Kingston board warns of $20.9M budget gap, staff to seek maximum tax levy
Loading...
Summary
District budget staff told the board the 2026–27 plan shows a $20.9 million gap driven by declining enrollment and reduced state reimbursements; staff said they will recommend levying the maximum allowable 4.4% tax cap to close the shortfall.
The Kingston City School District is facing a projected $20.9 million shortfall for 2026–27, district budget staff told the Board of Education on April 8.
A presenter for the district said the working budget is $249,500,000, current revenues are estimated at $242,300,000 and projected expenses near $263,000,000, leaving a gap of $20,900,000. The district’s calculated maximum allowable tax levy for 2026–27 is $130,877,575, a 4.4% increase over last year; staff said they will recommend levying the maximum allowable amount "out of necessity." (Presenter, first referenced in meeting materials.)
The presentation pointed to two primary drivers: falling enrollment and shrinking state reimbursements. District presenters reported a loss of 891 students since 2020 and said changes in foundation and expense-based aid have reduced the reimbursements the district receives for transportation, special-education placements and BOCES services.
"It truly is the perfect storm of circumstances coming together in this moment," the Presenter said, summarizing the combined effects of enrollment decline, aid reductions and rising costs.
Transportation and special-education costs were singled out as major pressure points. The board heard that transportation operates across a 98‑square‑mile district and that out‑of‑district special-education placements have risen substantially, increasing both service needs and net costs.

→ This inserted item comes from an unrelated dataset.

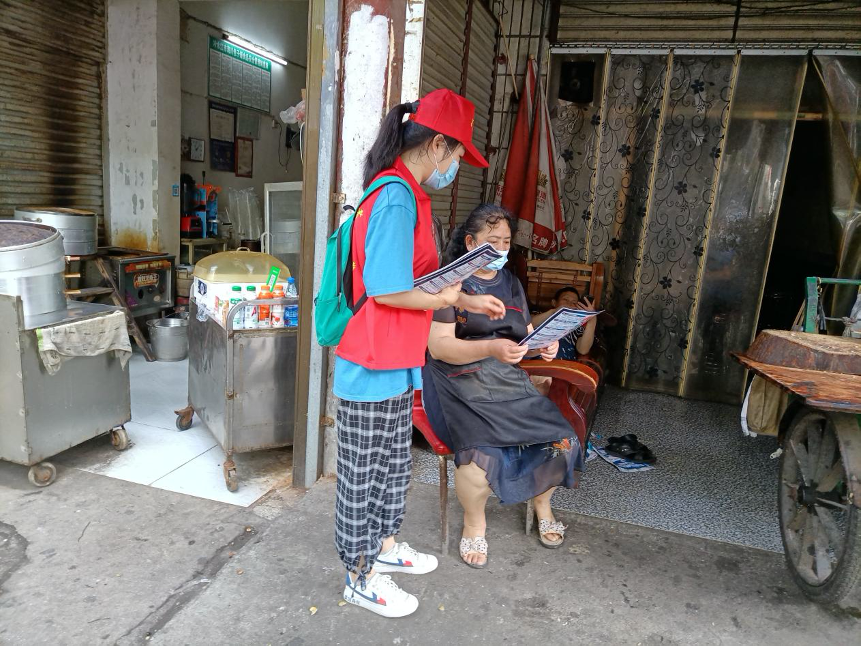 会计学院19会计3班黄喜欢同学也在与疫情搏斗。2021年8月11日,冷水江市疫情防控工作刻不容缓,她在听到冷水江市宣传部的志愿者招募,第一时间报名参加,她身着红色小马甲、头戴小红帽与战友们在冷水江市各社区街道、超市、店铺的疫情防控知识宣传及劝导工作,劝导市民:“戴口罩,勤洗手,一米线,不聚集”,并贴心为未戴口罩的老人、小孩送上口罩,叮嘱他们一定要切记“防疫千万条,口罩第一条”,广泛宣传当前疫情防控政策知识,劝导市民少出门不扎堆,提升了大家的疫情防控意识。她深知身为一名新时代大学生在面对国家有难,要站在人民需要的地方,疫情面前没有旁观者,她勇于担当,无私奉献,向所有人展示出了青年学生的良好精神面貌和当代大学生的风采。
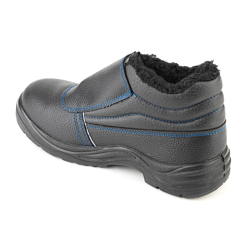 Ботинки для сварочных работ утепленные изготовлены методом литья к заготовке верха обуви промежуточного слоя подошвы из полиуретана, с ходовым слоем из резины на основе нитрильного каучука. Верх ботинок из натуральной кожи толщиной 1,8 – 2,0 мм. Подкладка ботинок из искусственного меха. В верхней части ботинок мягкий кант. Ботинки имеют защитный клапан, препятствующий попаданию искр и брызг расплавленного металла внутрь. Стелька вкладная. В носочной части внутренний защитный подносок из металла ударной прочностью 200 Дж. С боков световозвращающие элементы в виде узких полос. Rонтрастная отстрочка в тон цвета подкладки. Подошва двухслойная, МБС, ходовой слой из износостойкой, термостойкой резины на основе нитрильного каучука. Подошва выдерживает температуру 300С при контакте с нагретыми поверхностями. Есть внутренняя амортизирующая вставка в пяточной части подошвы. Глубина профиля ходового слоя подошвы 3,5 мм. Рельеф подошвы снижает риски скольжения при работе на скользких поверхностях. Цвет ботинок черный

Superintendent (speaker 4) and staff described steps under consideration to narrow the gap, including reviewing contract terms, reallocating line items, reimagining service delivery, and strategic realignment of class sizes and school assignments. Staff reaffirmed commitments to retain small class sizes where feasible and to preserve programs such as bilingual elementary services and universal pre‑K.
Board members pressed staff on how market volatility and fuel costs were modeled. Staff replied that many transportation contracts have fuel components baked into the price and that some contracts lock in pricing, while interest rates and borrowing costs will affect capital project financing.
The board scheduled an additional budget workshop for the following week to dig deeper into assumptions and options, and staff reiterated that a formal levy decision will be considered at a later public meeting.